Reproduce verbatim the lines of the material below, starting at the line with "Z-DRAGON JC-74250 フード付き 空調服® ベスト" and ending at the line with "The watermark will", both inclusive; skip the rest.

- [The data]
%%
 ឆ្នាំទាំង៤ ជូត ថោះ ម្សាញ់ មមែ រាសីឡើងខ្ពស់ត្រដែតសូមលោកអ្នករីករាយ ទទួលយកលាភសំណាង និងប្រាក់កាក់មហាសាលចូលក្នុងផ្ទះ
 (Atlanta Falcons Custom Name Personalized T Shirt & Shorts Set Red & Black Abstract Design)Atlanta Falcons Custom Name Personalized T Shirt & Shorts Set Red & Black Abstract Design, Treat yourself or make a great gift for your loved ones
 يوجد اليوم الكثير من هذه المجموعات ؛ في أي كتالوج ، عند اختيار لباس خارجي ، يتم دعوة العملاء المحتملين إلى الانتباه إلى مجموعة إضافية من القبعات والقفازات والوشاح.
%%
%%
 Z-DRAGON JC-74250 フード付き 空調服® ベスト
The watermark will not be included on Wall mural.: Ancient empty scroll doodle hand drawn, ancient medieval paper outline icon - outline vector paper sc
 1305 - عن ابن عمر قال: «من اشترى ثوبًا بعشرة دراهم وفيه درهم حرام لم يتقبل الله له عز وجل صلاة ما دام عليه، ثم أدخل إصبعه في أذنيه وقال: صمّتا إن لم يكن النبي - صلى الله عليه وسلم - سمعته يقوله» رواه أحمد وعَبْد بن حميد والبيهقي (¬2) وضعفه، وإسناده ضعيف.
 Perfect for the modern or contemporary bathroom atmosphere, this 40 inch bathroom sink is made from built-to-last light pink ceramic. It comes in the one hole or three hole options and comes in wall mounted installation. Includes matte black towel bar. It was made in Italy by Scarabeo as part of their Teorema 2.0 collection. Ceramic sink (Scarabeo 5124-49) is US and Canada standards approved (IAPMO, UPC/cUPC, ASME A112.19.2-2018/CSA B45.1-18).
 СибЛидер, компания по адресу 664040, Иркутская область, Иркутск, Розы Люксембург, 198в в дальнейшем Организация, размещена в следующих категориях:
%%
- [Result below]
 Z-DRAGON JC-74250 フード付き 空調服® ベスト
The watermark will not be included on Wall mural.: Ancient empty scroll doodle hand drawn, ancient medieval paper outline icon - outline vector paper sc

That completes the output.